Dataset items:
[Start of section]

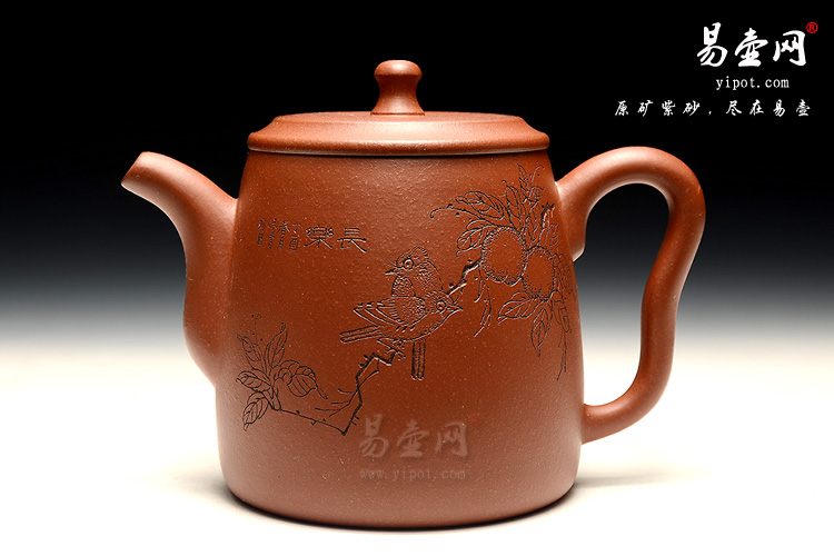 壶身篆刻书法字体,苍劲有力,刻绘“长寿花鸟寿桃图”和“清茗一杯,诗脾可沁”,更加彰显了紫砂壶的古典美。
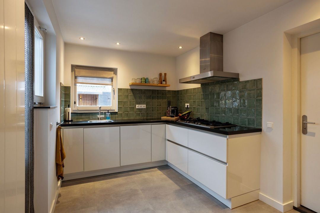 De moderne open keuken aan de achterzijde is uitgevoerd in een praktische L-opstelling met witte greeploze fronten en een zwart natuurstenen werkblad. De keuken beschikt over diverse inbouwapparatuur, waaronder een 5-pits gasfornuis, afzuiging, combi-oven, vaatwasser en koelkast. De combinatie van veel werk- en bergruimte met een strak design maakt de keuken zowel praktisch als eigentijds.
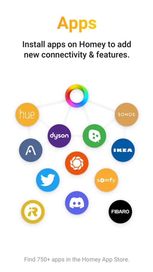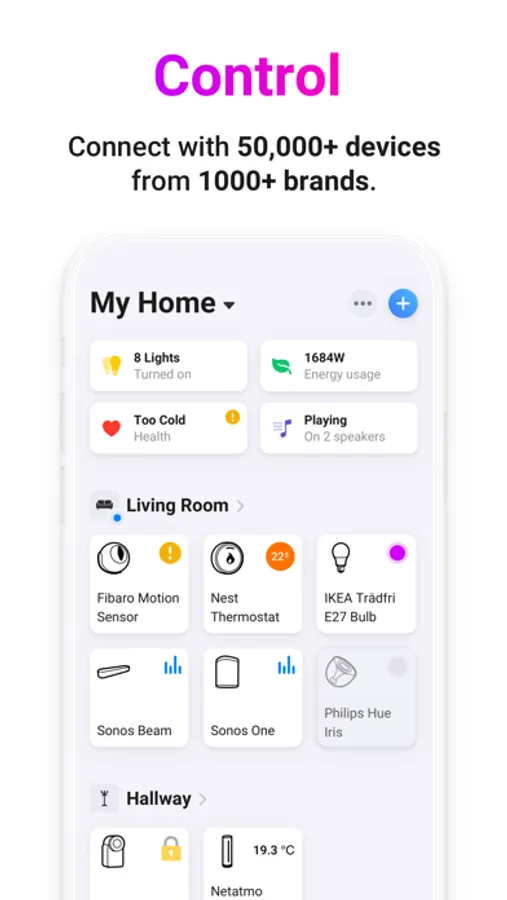 Homey connects more than 50.000 smart devices from over 1000 brands. Make them work together in the way you want. Homey features great-looking controls for all devices, no matter the brand. Make it a joy to play with your smart home.
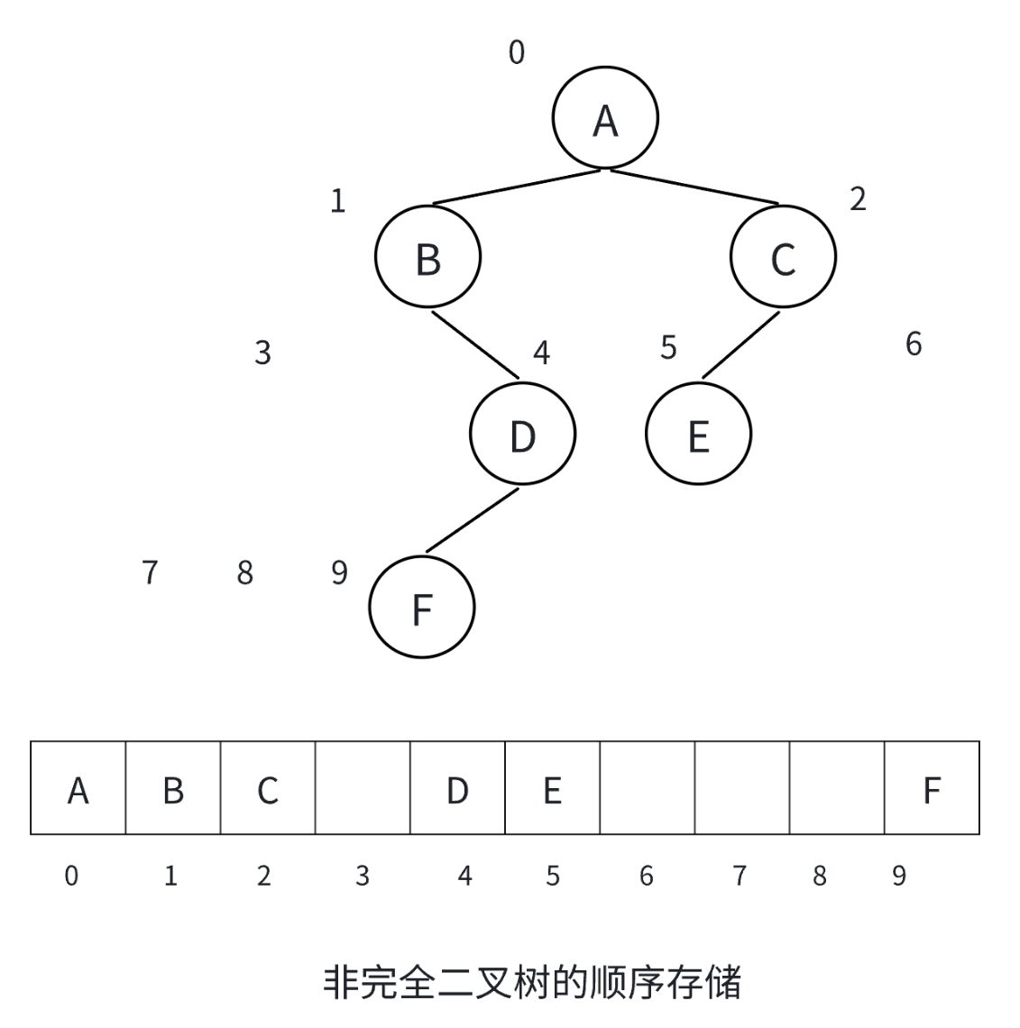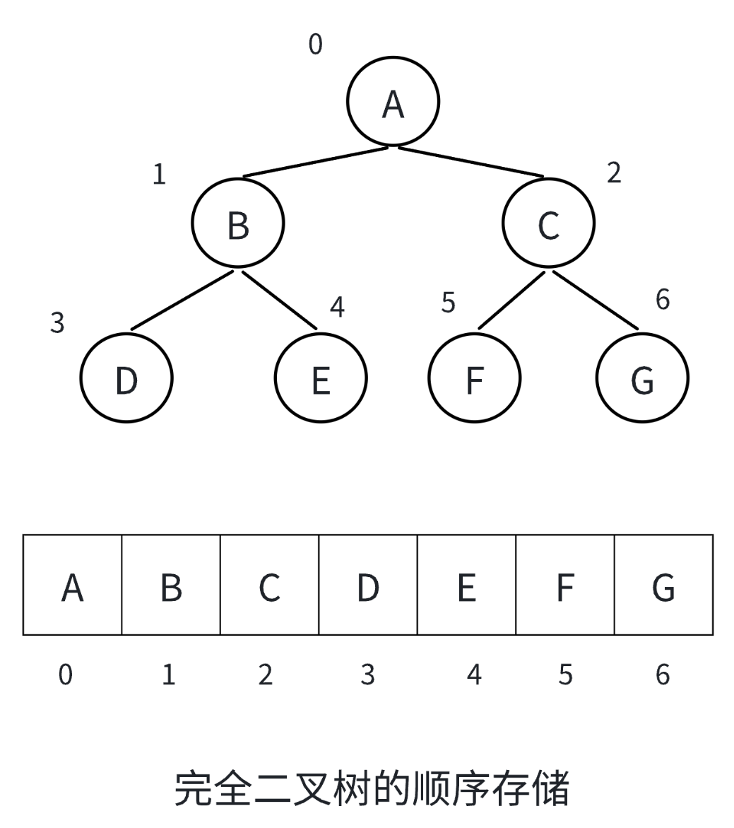 顺序结构存储就是使用数组来存储,⼀般使用数组只适合表示完全⼆叉树,因为不是完全⼆叉树会有空间的浪费,完全⼆叉树更适合使用顺序结构存储。
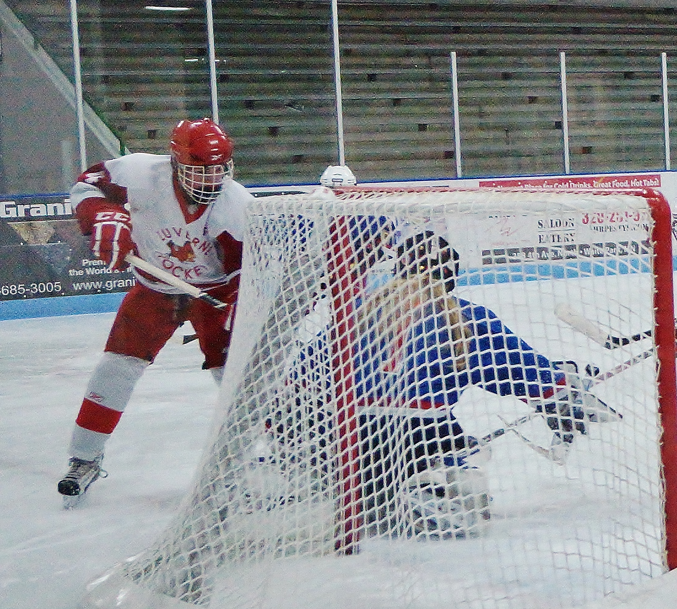 Spring Lake Park scores this controversal winning goal against Alex. The puck had stopped dead on the goal line and never crossed it before being cleared away by a Cardinal (his stick is about to hit the puck in the picture).
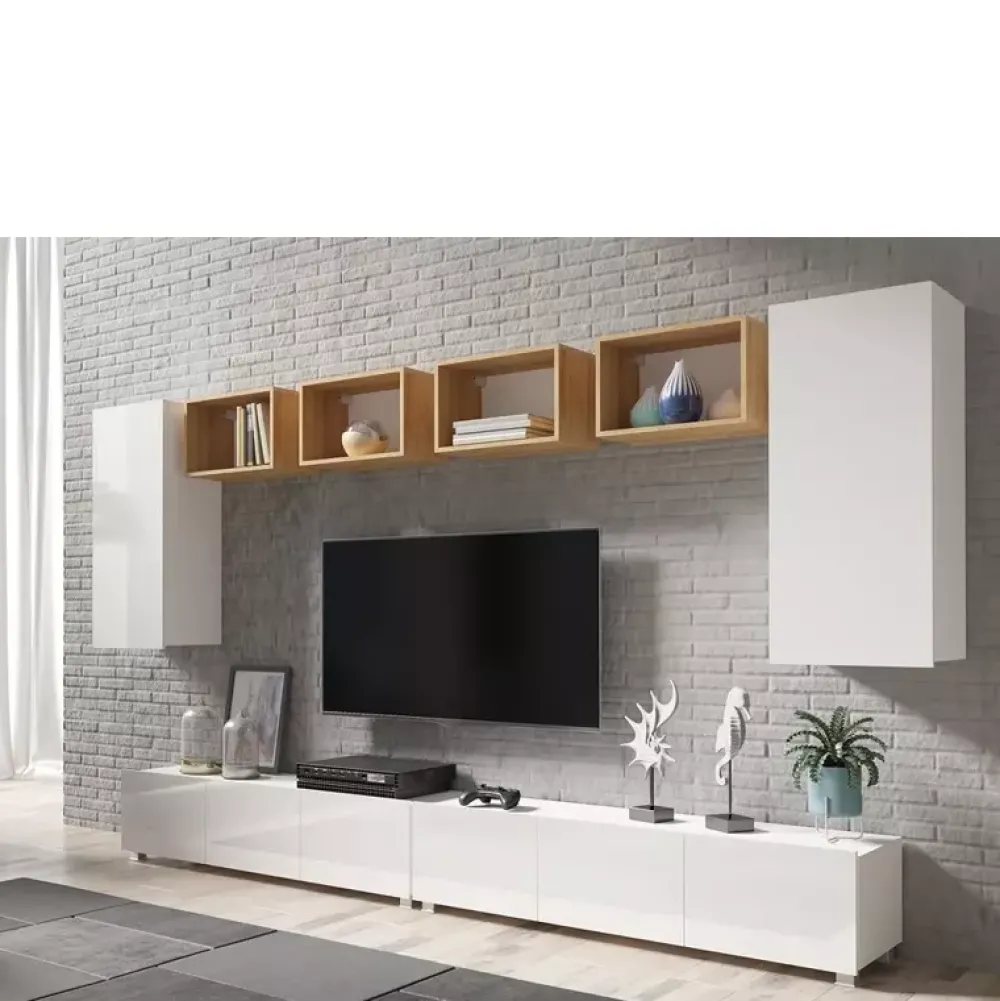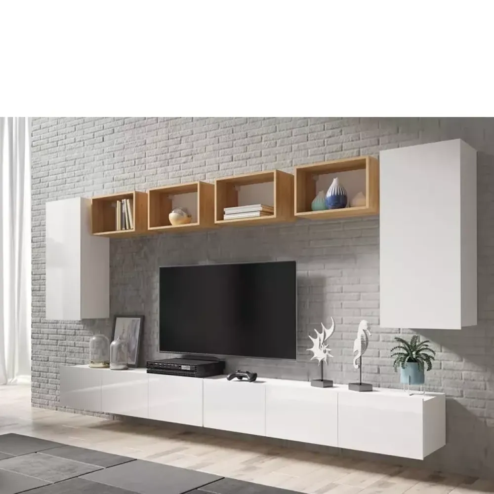 Odmień swój salon dzięki meblościance MODERN, która łączy minimalistyczny design z praktycznymi rozwiązaniami do przechowywania. Głęboka biel na wysoki połysk w połączeniu z ciepłym odcieniem dębu złotego tworzy harmonijną i elegancką kompozycję, która przyciąga wzrok i nadaje wnętrzu stylowego charakteru. Zestaw składa się z ośmiu elementów, które możesz dowolnie komponować, tworząc funkcjonalną i dopasowaną do przestrzeni aranżację.
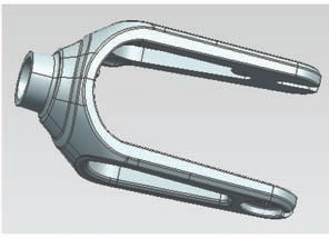 電動(dòng)滑板車比傳統(tǒng)電動(dòng)自行車結(jié)構(gòu)簡(jiǎn)單、車輪小、輕巧簡(jiǎn)便,能節(jié)省大量社會(huì)資源。是現(xiàn)代人用來(lái)作為代步工具、休閑娛樂(lè)的一種新型的綠色環(huán)保的產(chǎn)物。前叉部件在電動(dòng)車結(jié)構(gòu)中處于前方部位,它的上端與車把部件相連接,車架部件與前管配合,下端與前軸部件配合,組成電動(dòng)車的導(dǎo)向系統(tǒng)。由于位置的特殊性,因此對(duì)前叉零件的質(zhì)量要求比較高,特別是其強(qiáng)度。目前主要采用金屬型重力鑄造或鍛造方法,重力鑄造電動(dòng)車前叉零件致密性和強(qiáng)度不高,生產(chǎn)效率較低,而采用鍛件性能好,但是機(jī)械加工量大,成本高。結(jié)構(gòu)件的壓鑄生產(chǎn)多采用半固態(tài)或真空壓鑄,這都會(huì)為壓鑄生產(chǎn)過(guò)程增加工序,工藝更加復(fù)雜,生產(chǎn)成本增加。為此,本文通過(guò)采用低含氣量壓鑄工藝為某高端電動(dòng)滑板車生產(chǎn)企業(yè)開發(fā)前叉壓鑄件,基于智鑄超云壓鑄CAE云計(jì)算平臺(tái)進(jìn)行壓鑄工藝的模擬仿真,通過(guò)模擬分析可預(yù)測(cè)卷氣、縮松、縮孔等缺陷,并進(jìn)行工藝的優(yōu)化,從而可有效避免壓鑄缺陷的產(chǎn)生,縮短開發(fā)周期,提高鑄件品質(zhì),降低成本,為該類鑄件的壓鑄生產(chǎn)提供參考。 1 壓鑄件分析及工藝設(shè)計(jì) 1.1 前叉壓鑄件分析 該鑄件是某公司生產(chǎn)的電動(dòng)滑板車前叉三維實(shí)體,如圖1所示。最大外形尺寸為197 mm×103 mm×76 mm,毛坯重520 g,其結(jié)構(gòu)適中,但壁厚不均,薄壁處約為4.5 mm,厚壁部位超過(guò)12 mm,平均壁厚約為7 mm。壓鑄件要求沒有氣孔,能進(jìn)行T6處理,需通過(guò)滾筒測(cè)試疲勞沖擊20萬(wàn)次,要求不會(huì)產(chǎn)生裂紋、變形和斷裂。合金材料選擇A380,化學(xué)成分如表1所示。
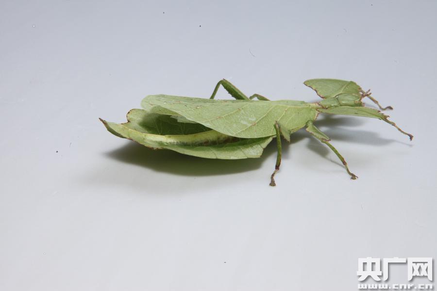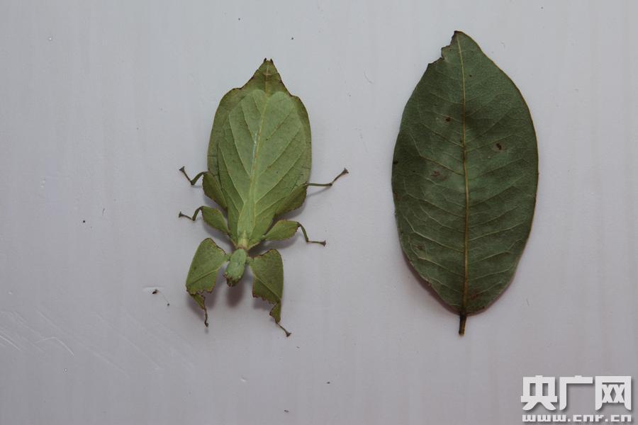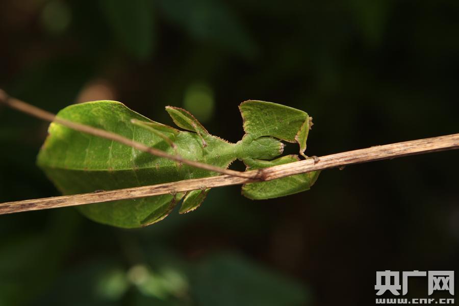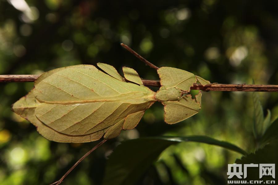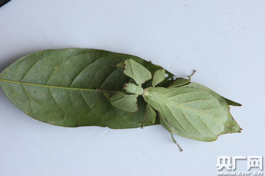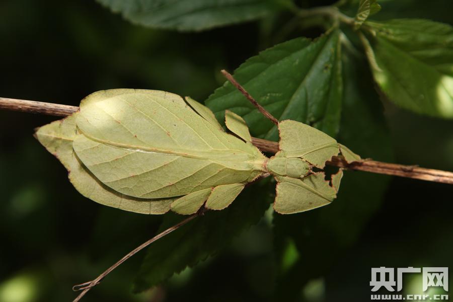 云南普洱驚現(xiàn)“會(huì)走路的樹(shù)葉”專家鑒定為罕見(jiàn)竹節(jié)蟲(chóng)(圖片由普洱國(guó)家公園提供) 央廣網(wǎng)普洱5月24日消息(記者李健飛 通訊員陶平 毛雪蘭)5月24日,一只長(zhǎng)相獨(dú)特,外形極度酷似樹(shù)葉的蟲(chóng)子出現(xiàn)在云南普洱國(guó)家公園附近。據(jù)當(dāng)時(shí)正在度假的目擊者蔣先生介紹,當(dāng)時(shí)只以為是片綠色“樹(shù)葉”掉落在木條板上。后來(lái)發(fā)現(xiàn),它竟然還有頭有腳,枝節(jié)分明,在地上來(lái)回爬動(dòng)。細(xì)看才發(fā)現(xiàn)這近10公分長(zhǎng)、5公分寬的蟲(chóng)體上面有著非常清晰的“葉片脈絡(luò)”,正面看上去像樹(shù)葉的灰白色“背面”,蟲(chóng)體翻轉(zhuǎn)時(shí)看到的綠色又不一樣,似樹(shù)葉的翠綠“正面”。單看蟲(chóng)身部分幾乎與綠樹(shù)葉無(wú)異。而且這只“葉子蟲(chóng)”的翅部是由上下兩片“葉子”組成,在下的樹(shù)葉脈絡(luò)明顯更粗壯許多,是蟲(chóng)的身子部分。這只蟲(chóng)子的“手腳”也極為獨(dú)特,酷似被殘食的不規(guī)則葉片,與平常見(jiàn)到的蟲(chóng)類大不相同。 -
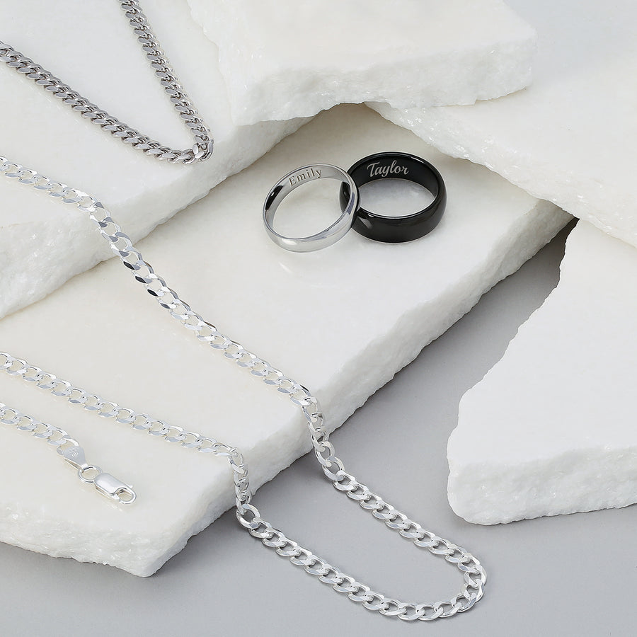 - Contemporary unisex chain necklace with a classic curb link design, offering a lightweight to medium weight for comfortable wear. The visually appealing Cuban chain necklace is secured with a lobster claw clasp for added security. Crafted with a high polished silver shine, this necklace is not only stylish but also highly durable, making it perfect for everyday wear.
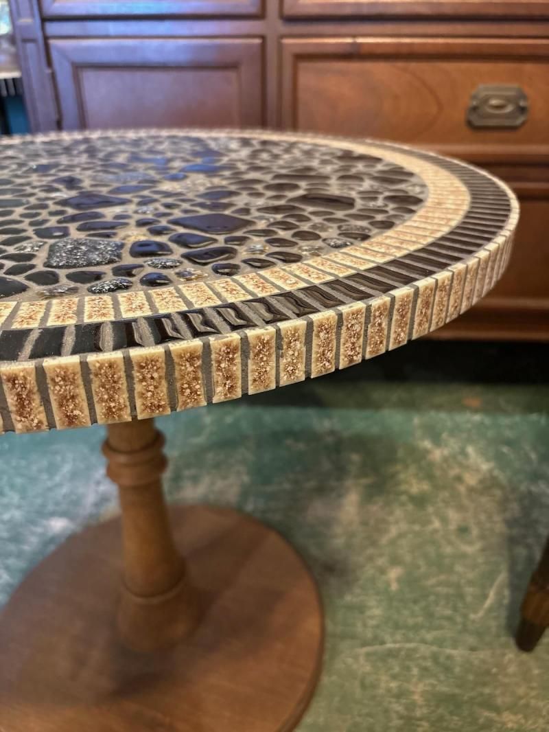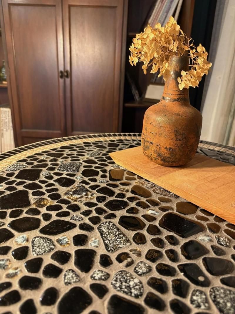 当店オリジナルタイルテーブルは、デッドストックタイルをひとつひとつ手作業で丁寧に手貼りした、まさに一点ものの逸品です。ラウンドテーブルの天板には、タイルが美しい円を描き、ユニークかつ個性的な雰囲気を演出します。

[End of section]

Work to be completed >>
Starting at the line above that has "Homey connects more" and ending at the line that has "顺序结构存储就是使用数组来存", copy each line exactly, leaving the pictures out and adding nothing.

Reply >>
 Homey connects more than 50.000 smart devices from over 1000 brands. Make them work together in the way you want. Homey features great-looking controls for all devices, no matter the brand. Make it a joy to play with your smart home.
 顺序结构存储就是使用数组来存储,⼀般使用数组只适合表示完全⼆叉树,因为不是完全⼆叉树会有空间的浪费,完全⼆叉树更适合使用顺序结构存储。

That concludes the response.